Exercise description ▸
Which lines run from the line with "With its relaxed" through the line with "TORY BURCH ROXANNE" in the entries below? Print them exactly, both ends included, and nothing more.
————————
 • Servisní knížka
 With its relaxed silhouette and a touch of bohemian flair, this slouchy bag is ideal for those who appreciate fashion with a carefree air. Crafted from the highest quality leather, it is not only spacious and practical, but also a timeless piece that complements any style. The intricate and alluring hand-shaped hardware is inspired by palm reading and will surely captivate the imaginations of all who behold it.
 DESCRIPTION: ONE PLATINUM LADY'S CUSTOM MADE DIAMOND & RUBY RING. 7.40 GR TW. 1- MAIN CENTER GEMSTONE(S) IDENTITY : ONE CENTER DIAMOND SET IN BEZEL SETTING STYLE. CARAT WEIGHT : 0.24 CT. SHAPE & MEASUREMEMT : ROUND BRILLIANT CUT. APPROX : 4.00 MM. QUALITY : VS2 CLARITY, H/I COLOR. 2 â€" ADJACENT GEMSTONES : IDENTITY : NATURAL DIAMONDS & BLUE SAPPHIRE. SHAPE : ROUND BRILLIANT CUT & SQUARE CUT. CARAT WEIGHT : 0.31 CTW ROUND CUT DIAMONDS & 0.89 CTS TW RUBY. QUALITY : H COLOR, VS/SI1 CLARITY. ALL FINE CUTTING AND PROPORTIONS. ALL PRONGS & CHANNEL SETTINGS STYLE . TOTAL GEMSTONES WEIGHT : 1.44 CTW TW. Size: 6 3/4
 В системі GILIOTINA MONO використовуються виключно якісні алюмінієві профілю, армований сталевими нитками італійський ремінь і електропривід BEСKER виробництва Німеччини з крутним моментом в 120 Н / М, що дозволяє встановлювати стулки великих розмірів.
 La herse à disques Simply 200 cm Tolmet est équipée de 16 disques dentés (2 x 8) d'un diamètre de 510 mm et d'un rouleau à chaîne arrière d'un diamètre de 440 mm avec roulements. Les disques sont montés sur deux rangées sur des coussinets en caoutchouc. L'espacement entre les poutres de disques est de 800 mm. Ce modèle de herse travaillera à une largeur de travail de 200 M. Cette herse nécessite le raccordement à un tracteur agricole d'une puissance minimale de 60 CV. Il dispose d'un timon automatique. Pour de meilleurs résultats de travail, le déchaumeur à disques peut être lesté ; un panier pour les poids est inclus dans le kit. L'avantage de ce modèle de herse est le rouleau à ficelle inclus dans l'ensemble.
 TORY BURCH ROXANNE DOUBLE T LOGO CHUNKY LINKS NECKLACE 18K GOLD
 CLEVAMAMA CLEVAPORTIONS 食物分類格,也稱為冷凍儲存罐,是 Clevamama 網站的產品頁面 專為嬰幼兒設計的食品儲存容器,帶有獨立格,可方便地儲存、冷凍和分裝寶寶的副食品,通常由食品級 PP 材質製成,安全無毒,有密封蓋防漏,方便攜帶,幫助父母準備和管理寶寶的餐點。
————————
Response to the task ▸
 With its relaxed silhouette and a touch of bohemian flair, this slouchy bag is ideal for those who appreciate fashion with a carefree air. Crafted from the highest quality leather, it is not only spacious and practical, but also a timeless piece that complements any style. The intricate and alluring hand-shaped hardware is inspired by palm reading and will surely captivate the imaginations of all who behold it.
 DESCRIPTION: ONE PLATINUM LADY'S CUSTOM MADE DIAMOND & RUBY RING. 7.40 GR TW. 1- MAIN CENTER GEMSTONE(S) IDENTITY : ONE CENTER DIAMOND SET IN BEZEL SETTING STYLE. CARAT WEIGHT : 0.24 CT. SHAPE & MEASUREMEMT : ROUND BRILLIANT CUT. APPROX : 4.00 MM. QUALITY : VS2 CLARITY, H/I COLOR. 2 â€" ADJACENT GEMSTONES : IDENTITY : NATURAL DIAMONDS & BLUE SAPPHIRE. SHAPE : ROUND BRILLIANT CUT & SQUARE CUT. CARAT WEIGHT : 0.31 CTW ROUND CUT DIAMONDS & 0.89 CTS TW RUBY. QUALITY : H COLOR, VS/SI1 CLARITY. ALL FINE CUTTING AND PROPORTIONS. ALL PRONGS & CHANNEL SETTINGS STYLE . TOTAL GEMSTONES WEIGHT : 1.44 CTW TW. Size: 6 3/4
 В системі GILIOTINA MONO використовуються виключно якісні алюмінієві профілю, армований сталевими нитками італійський ремінь і електропривід BEСKER виробництва Німеччини з крутним моментом в 120 Н / М, що дозволяє встановлювати стулки великих розмірів.
 La herse à disques Simply 200 cm Tolmet est équipée de 16 disques dentés (2 x 8) d'un diamètre de 510 mm et d'un rouleau à chaîne arrière d'un diamètre de 440 mm avec roulements. Les disques sont montés sur deux rangées sur des coussinets en caoutchouc. L'espacement entre les poutres de disques est de 800 mm. Ce modèle de herse travaillera à une largeur de travail de 200 M. Cette herse nécessite le raccordement à un tracteur agricole d'une puissance minimale de 60 CV. Il dispose d'un timon automatique. Pour de meilleurs résultats de travail, le déchaumeur à disques peut être lesté ; un panier pour les poids est inclus dans le kit. L'avantage de ce modèle de herse est le rouleau à ficelle inclus dans l'ensemble.
 TORY BURCH ROXANNE DOUBLE T LOGO CHUNKY LINKS NECKLACE 18K GOLD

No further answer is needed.